Outro indicador que me surpreendeu pela positiva foi a gente nova, produtores e enólogos, que se dedicam entusiasticamente à vinha e ao vinho. O facto de ter conhecido vários jovens enólogos com excelente formação técnica, que ao fim de algum tempo decidiram transformar-se em pequenos empresários, foi uma agradabilíssima surpresa.
Também não posso deixar de me regozijar com a estratégia comercial que tem sido adotada pelos produtores, que conseguiram assegurar preços dignos para os seus vinhos.
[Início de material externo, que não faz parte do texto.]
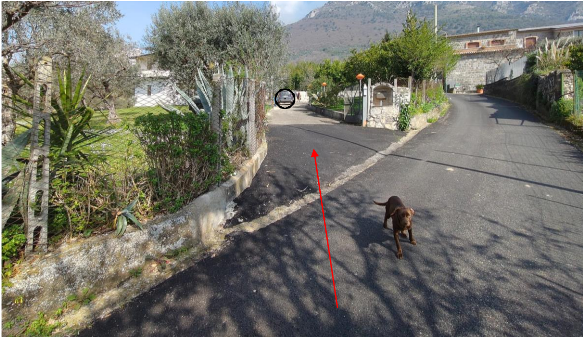
Foto n. 1 __Ingresso da via Peroni (vialetto di accesso al fabbricato pignorato)

Pelos dados a que tive acesso, o vinho DOP mais barato da ilha é de 10 € a garrafa (PVP), estando a maioria dos vinhos normais entre 15 e 30 € a garrafa e os mais caros acima dos 200 € . Não é preciso fazer grandes contas para concluir que com estes preços, o Pico tem o preço médio mais alto, de longe, de todas as denominações de origem portuguesas. Se tivermos em conta que a produção média anual rondará as duzentas mil garrafas e se admitirmos um preço médio de 20€/garrafa, estaremos a falar num volume de vendas a rondar os 4 milhões de euros. Poderá haver muita gente que ache o vinho caro, mas eu acho que apenas custa bastante dinheiro. Se tivermos em conta os encargos dos produtores e as colheitas calamitosas que tem havido até teremos de concluir que o vinho é barato.
Em contraste com os indicadores muito positivos que encontrei, também constatei alguns preocupantes, que poderão ter consequências futuras devastadoras.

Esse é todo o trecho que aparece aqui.